You’re going to notice that I’m really into opening lines.  There are two reasons for that.  First, when someone’s browsing a book in a bookstore, that’s the one sentence that isn’t on the back cover that they’re most likely to read.  Second, when an author sends a sample of writing to an agent or publisher, this is the sentence that should hook ’em.  The first (two) lines of SPEAK by Laurie Halse Anderson is:

It is my first morning of high school.  I have seven new notebooks, a skirt I hate, and a stomach ache.

Immediately, I know four things about the main character:

1.  She’s female

2. She’s about to enter an unfamiliar environment.

3. She’s having a strong, negative response to the situation.

4. She insecure about her physical appearance.

And from this very first line, in my head I’ve constructed the image of a typical girl.  She’s someone you might just run into anywhere.

Since I read Young Adult fantasy a lot, I’m used to books with zany characters.  And, hey–I love me some off-the-wall people with odd little quirks and unusual names.  The main character in SPEAK Melinda Sordino–in fact none of the characters in SPEAK–are like that at all.

The fascinating thing about Melinda the very insightful way she views the world.  She’s an isolated character so most of the book is her internal thought rather than external interaction.  I was shocked at how compelling this can be.
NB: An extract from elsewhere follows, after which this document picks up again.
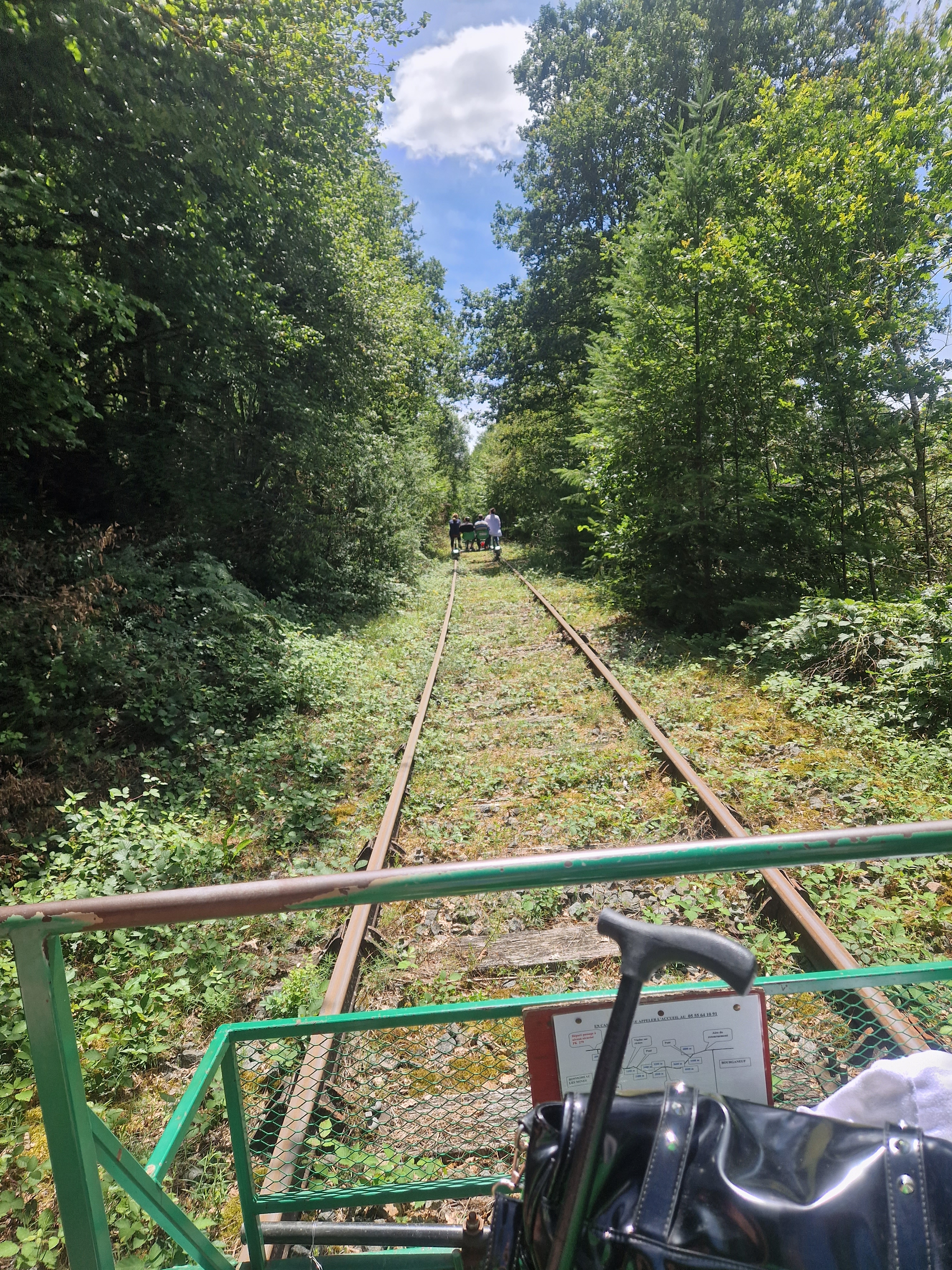 Un bon moment en famille, à faire tout âge confondu, il ne faut que 2 personnes qui pédalent par vélo.5 kms aller et idem retour, on retourne le velorail au bout, plus facile à l'aller car ça descend pas mal 😉 Jolie ballade dans le vert !

And if we want to talk about a textbook example of a character arc, this is it.  At the beginning of the book Melinda is suffering from a self-imposed muteness and by the end of the book, she’s dealt with and overcome the issue that caused this character trait.  Beautiful and moving stuff.
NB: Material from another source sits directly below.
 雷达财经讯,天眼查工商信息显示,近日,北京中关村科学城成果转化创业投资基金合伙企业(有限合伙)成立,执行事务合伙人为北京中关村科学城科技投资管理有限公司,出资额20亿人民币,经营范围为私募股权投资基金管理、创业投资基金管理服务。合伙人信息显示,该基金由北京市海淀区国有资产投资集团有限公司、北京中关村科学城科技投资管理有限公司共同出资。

There are a few important secondary characters.  The first is Heather from Ohio, a new student who starts school as out-of-place as Melinda.  It’s an interesting juxtaposition.  Melinda deals with her pariah state by withdrawing into herself.  Heather deals with it by trying to be all things to all people.  She joins social groups.  She buys all the right clothes and shoes.  And yet, Heather ends up being lower on the social pecking order than even Melinda by the end of the book.  You understand why, because even as the reader you don’t really like her.  There a lesson here and it isn’t preachy: you can’t force people to like you.

Another important character is Melinda’s art teacher, Mr. Freeman.  Here’s the interesting thing about the adult characters in this book: not all of them get names. Melinda sometimes thinks of them in terms of their most prominent characteristic like the social studies teacher “Mr. Neck” or the English teacher “Hairwoman”. Mr. Freeman gets a name because he stands out to Melinda.  He takes an interest in her.  You see him frustrated by the constraints of the educational system but intent to bring out the best in his students.

There are a few other more minor characters.  David Petrakis is the kid who’s smarter than most of his teachers and insists that he can change the things he doesn’t feel are fair.   By the end of the book, there’s a hint that a small romance could develop between him and Melinda.  Rachel is Melinda’s ex-friend who flits from social group to social group, accepted by most but fitting with none.  She hates Melinda because it’s the popular opinion.  Ivy is another ex-friend and maybe the only minor character in the book with enough self-confidence to follow her own inner voice.  You like her, even though you don’t get a whole lot about her.

Next time I’ll tackle the plot of SPEAK.  Doing this without spoilers could be a trick, so bear with me, but honestly if you don’t know this book, it’s a really awesome experience to read it without knowing book’s big reveal.